Endocrine 1

Question 1

Major Hormones of the hypothalamus

Answer 1

• GnRH —> inc LH and FSH
• CRH (corticotropin rh) —> inc ACTH
• TRH (thyrotropin rh) —> inc TSH
• PIH (prolactin Ih) —> dec PRL
• GHRH (GH rh) —>inc GH
• GHIH (GH ih or SS) / somatostatin —> dec GH

Question 2

Major hormones of the anterior pituitary

Answer 2

• FSH —> stimulate follicle growth
• LH (luteinizing hormone) —> spermatogensis
• ACTH (adrenocorticotropic hormone) —>inc testosterone sec
• TSH (thyroid stimulating hormone) —> inc adrenal steroid sec (T3 and T4)
• PRL (prolactin) —> produce milk
• GH —> inc protein synthesis

Question 3

Major hormones of the posterior pituitary

Answer 3

• oxytocin (OXY) —> expulsion of milk

- ADH —> increases H2O reabsorption, decrease urine volume.

Question 4

Major hormones of the adrenal cortex

Answer 4

• glucocorticoids (cortisol) —>
• Mineralocortoids (aldosterone) —> effects metabolism and increases Na+ reabsoption in nephron

(Counter regulatory)

Question 5

Major hormones of the thyroid hormone

Answer 5

• T3 —> metabolism and growth
• T4 —> metabolism and growth
• calcitonin —> decrease blood Ca+

Question 6

Major hormones of the parathyroid glands

Answer 6

• parathyroid hormone (PTH) —> increases blood Ca+

Question 7

Major hormones of the pancreas

Answer 7

• insulin —> lowers blood glucose
• glucagon —> raises blood glucose

(Counter regulatory)

Question 8

Classifications of hormones based on structure?

Answer 8

1) proteins
2) lipid
3) monamines

Question 9

Types of protein hormones

Answer 9

1) small peptide (TRH, oxytocin, ADH)
2) polypeptides (insulin, glucagon, GH)
3) glycoproteins (FSH, LH and TSH)

Question 10

Types of lipid hormones

Answer 10

1) steroids (cortisol, aldosterone, sex hormones)

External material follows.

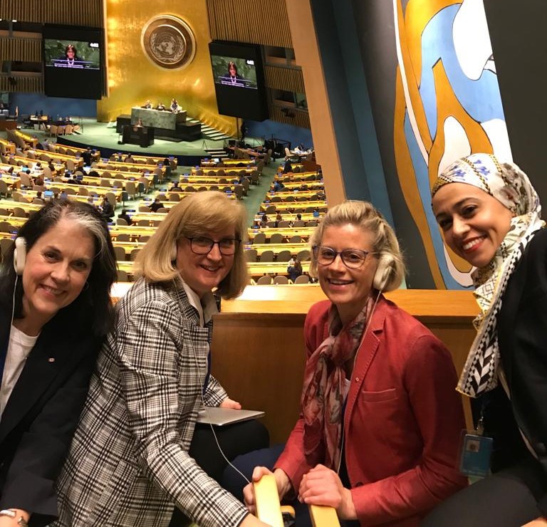 On March 24, 2023, at the UN’s 2023 Water Conference, Dr Patricia Hania' collaborative research (with Dr. Sari Graben) on Indigenous women and water governance was presented. Pictured are Dr Hania (left) and colleagues in the gallery of the UN's General Assembly.

2) eicosanoids (prostaglandin, leukotriens)

Question 11

Types of monamine hormones

Answer 11

1) catecholamines ( dopamine, noradrenaline, adrenaline)

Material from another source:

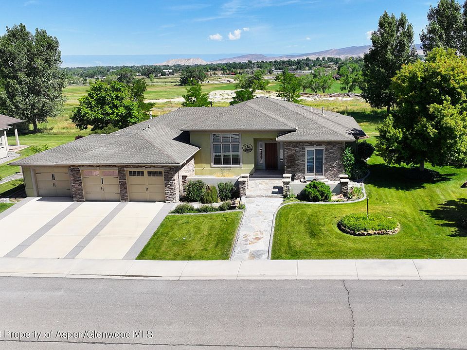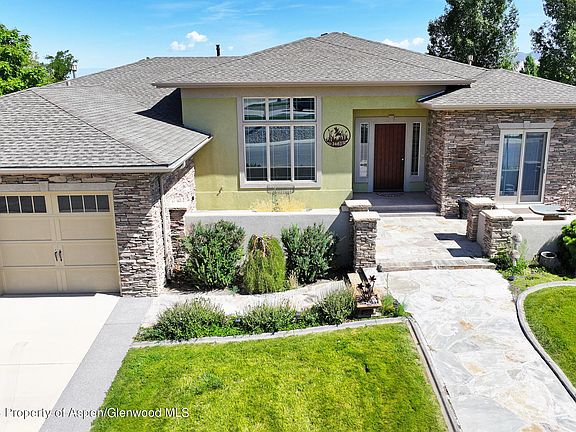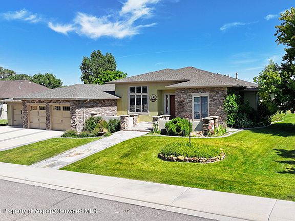 Western Colorado luxury home designed in elegant beauty with high end features inside and out. Stone walkway leads to an entry way with pillars and walls surrounding a patio. Step into a living/dining area with rock fireplace, built in entertainment center and china hutch. A chef's kitchen offers granite counters, breakfast bar, state of the art appliances, island, and alder wood cabinets. Master bedroom with bidet, double vanity, jet tub, walk in shower and closet/dressing area. 2 spacious bedrooms with walk in closets and Jack and Jill full bath. 4th bedroom used as an office or exercise room. Large laundry room with sink, counter, cupboards. Oversized 3 car garage. Gorgeous hickory wood flooring, carpet and tile throughout the home. Recessed lighting, unique light fixtures, large windows, central ac and more. Enjoy family time on the covered back patio with landscaped yard and views. In Montrose, aka the gateway to recreation in every direction.

2) thyroid hormone ( T3 and T4)

Question 12

What are steroid hormones made form ? And what is the pathway?

Answer 12

Cholesterol.

Cholosterol —> pregnenolone —> progesterone —> aldosterone, cortisol and (testosterone —> estrogen)

Question 13

What are eicosanoids made form?

Answer 13

Form arachidonic acid

Question 14

What are catecholamines made form?

Answer 14

From tyrosine

Question 15

What are thyroid made form?

Answer 15

From Tyrosine

Question 16

The four types of ways hormones reach their target

Answer 16

1) endocrine (via blood to distant target)
2) paracrine (via blood to Nearby target)
3) neuroendocrine (AP = stimulates nerve to sec hormone, moves via blood and stored in cell terminal of nerve cell)
4) autocrine (self stimulating, act on itself)

Question 17

Types of hormone receptors

Answer 17

1) cell surface receptors

2) intercellular receptors

Question 18

What kind of hormones bind to cell surface receptors ?

Answer 18

Proteins which bind protein hormones and to catecholamines

Question 19

What kind of hormones bind to cell intracellular receptors ?

Answer 19

Proteins which bind to steroid hormones, and to Thyroid hormones, t3 and T4

Question 20

Protein hormones are soluble where and not soluble where?

Answer 20

• soluble in aqueous environment

- insoluble in lipid environments

Question 21

Lipid hormones are soluble where and not soluble where?

Answer 21

• soluble in lipid environments

- insoluble in aqueous environments

Question 22

Why are surface receptors not inside the cell?

Answer 22

Because they are insoluble in lipid/fat env and cant pass through cell membrane = stay outside

Question 23

Why are intracellular receptors inside the cell and not outside

Answer 23

They are insoluble in aqueous env but soluble in lipid/fat env, so they can pass through the cell memb

Question 24

Types of cell surface receptors

Answer 24

1) G-protein receptor: G protein regulate second messenger
- (receptors for adrenaline and glucagon)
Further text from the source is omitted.